By bringing these metaphors over and over again into the psychoanalytic dialogue, I can help my patients heal their splits and revise their life narratives. That this can happen at all is because the mind has a natural propensity to use metaphors and dramatic techniques for internalizing trauma and, if we’re lucky, for self-healing after trauma. We can see how natural this self-healing process is when we look at those dreams in which we psychically revise both private and public trauma. We give ourselves the nocturnal distance we need by turning the actual details of trauma into dream metaphors, and by dramatically making other dream characters suffer the trauma with our dream selves safely watching. In our waking life we see the same natural attempts to repair trauma by creating and participating in the arts. During the walling in of the Warsaw Ghetto, for instance, right up until the boxcars were sealed, there were more theatrical and musical performances, art exhibits, and poetry readings than ever before in that city. Creativity has a considerable healing power, more potent and sophisticated than our mere dreams. Creativity gives writer and reader, painter and viewer, composer and audience a safe place to re-experience emotions that have been stunned into silence. It does so partly by making a bridge of metaphors connecting and creating distance between what we knew and felt and what we didn’t want to know or feel.

In our own time, right after 9/11, many psychoanalysts such as myself had to try to heal themselves along with their traumatized patients. As I tried to help my patients articulate their past personal and public traumas that were instantaneously connecting to this new one, I simultaneously tried to help myself by writing poetry. I helped ward off post traumatic stress symptoms from developing by first writing a long lyric sequence, “The Unholy Dark,” structured in part by using the key metaphor of the lost home, one that I had used in my earlier work.  “The Unholy Dark” helped me metaphorically connect the 9/11 trauma with earlier ones, and to set in motion a mourning process for the lost home that I had been unable to complete before. But even this mourning process would turn out to be only partial until months later when I dramatized the aftermath of the disaster in Dark Carnival: A Dramatic Monologue.

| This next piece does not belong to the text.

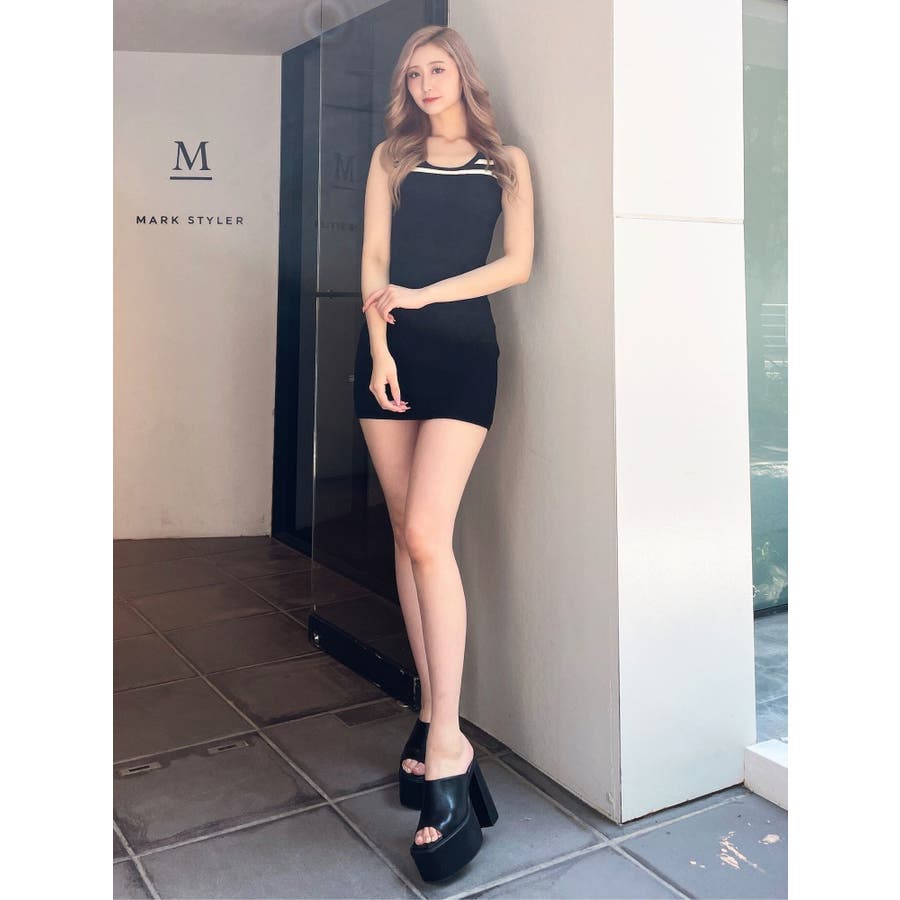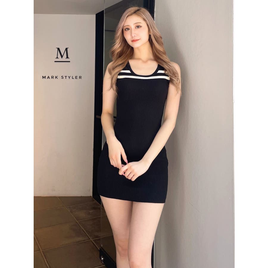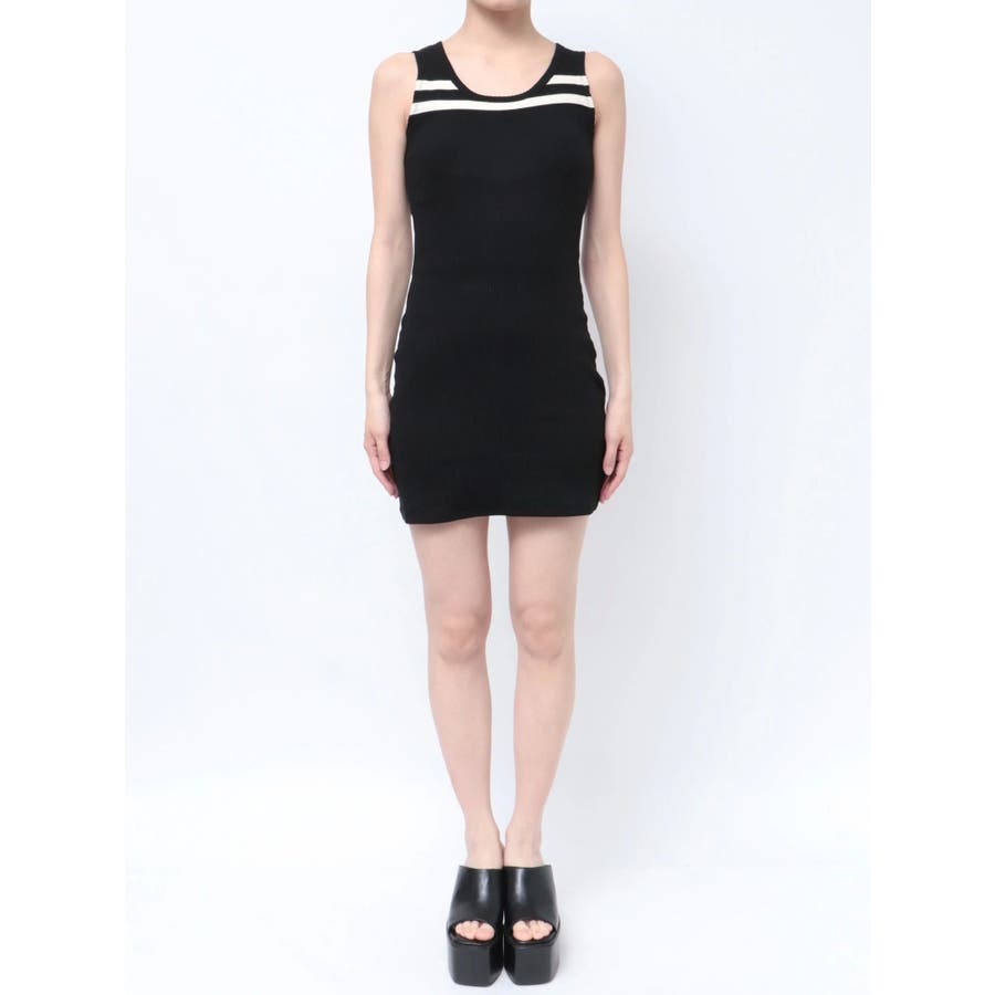 ネックラインノースリーブタイトミニワンピース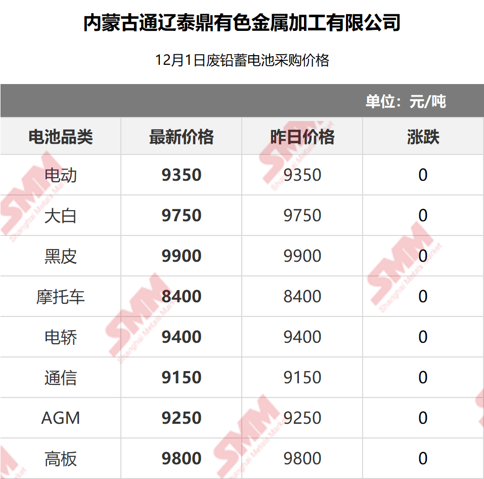 SMM 2025/12/9 国内知名再生铅企业废电瓶采购报价

My wife and I were home when the first plane hit. My son who lived downtown saw it and called us. We turned on the t.v. and watched transfixed as action movie fantasy turned into reality. That day, and through the rest of the week as I listened to my patients, I found that the towers quickly became metaphors for parents who had died, or had crumbled for them in childhood or adolescence. These metaphors showed up in their dreams and just below the surface of their daylit dialogue. At the same time, I saw how the fall of the towers were also connected for me with the death of my parents, and the clustered deaths of my extended family.

Just months after my son was born, my father died from a flu shot -- an ordinary American object, like a commercial jet. Afterwards my second tower, my mother crumbled emotionally, and then died of a heart attack. As I was beginning to write “The Unholy Dark,” I found I was connecting the rescue efforts at 9/11 to my failed efforts to rescue them. (I had warned my father not to take that shot, and tried to stop my mother’s long fall.) Further back, the disaster and rescue efforts connected to my being three years old and watching my mother fall down unconscious, seemingly dead. It also hooked into another public disaster I was directly involved in -- trying to rescue children during the Nigerian Civil War. Then, in my twenties,  I realized I was also trying to rescue my mother’s childhood from the pogroms she had witnessed in Russia. Here is the first poem I wrote in “The Unholy Dark”:

IN THE RESTAURANT

I’m served by Erica, badly exposed
To Chernobyl burning in those breakfast years,
Scrambling her cells to terrorist cells
Just miles from where my mother witnessed Hell.
“By smell,” she says, “we’re forced to witness this
Crematorium mixing bone and skin,
Spreading up here like metastasis …
And your son watched the two planes hit, and your
Brother-in-law escaped from a top floor?
So eat,” she smiles like Mom, “You’re getting thin.”
And time and place collapse and the dust blows in.
*
As the days following 9/11 limped on, I realized the poems I was writing were developing into a sequence connecting the present disaster with still earlier public and private traumas. I might say that preconsciously as well as consciously, I was symbolically making bridges between this event and the fantasies it generated with split-off earlier ones whose full meaning and emotional impact were becoming clearer to me as I wrote. From my own neuropsychoanalytic point of view, I might say that I was storing as metaphors and symbols my experience of 9/11 in my brain’s cortico-limbic system, with the aid of the self-hypnotic effects of meter and rhyme to prevent long-term kindling of neurons that result in Post Traumatic Stress Syndrome. Or, to put it yet another way, in the unconscious time doesn’t exist, and by using metaphors, meter, and rhyme, I was trying to place the experience of this trauma and loss in the larger, more time-bound narrative of the poetic sequence, thereby revising my life narrative as I had told it in earlier poems.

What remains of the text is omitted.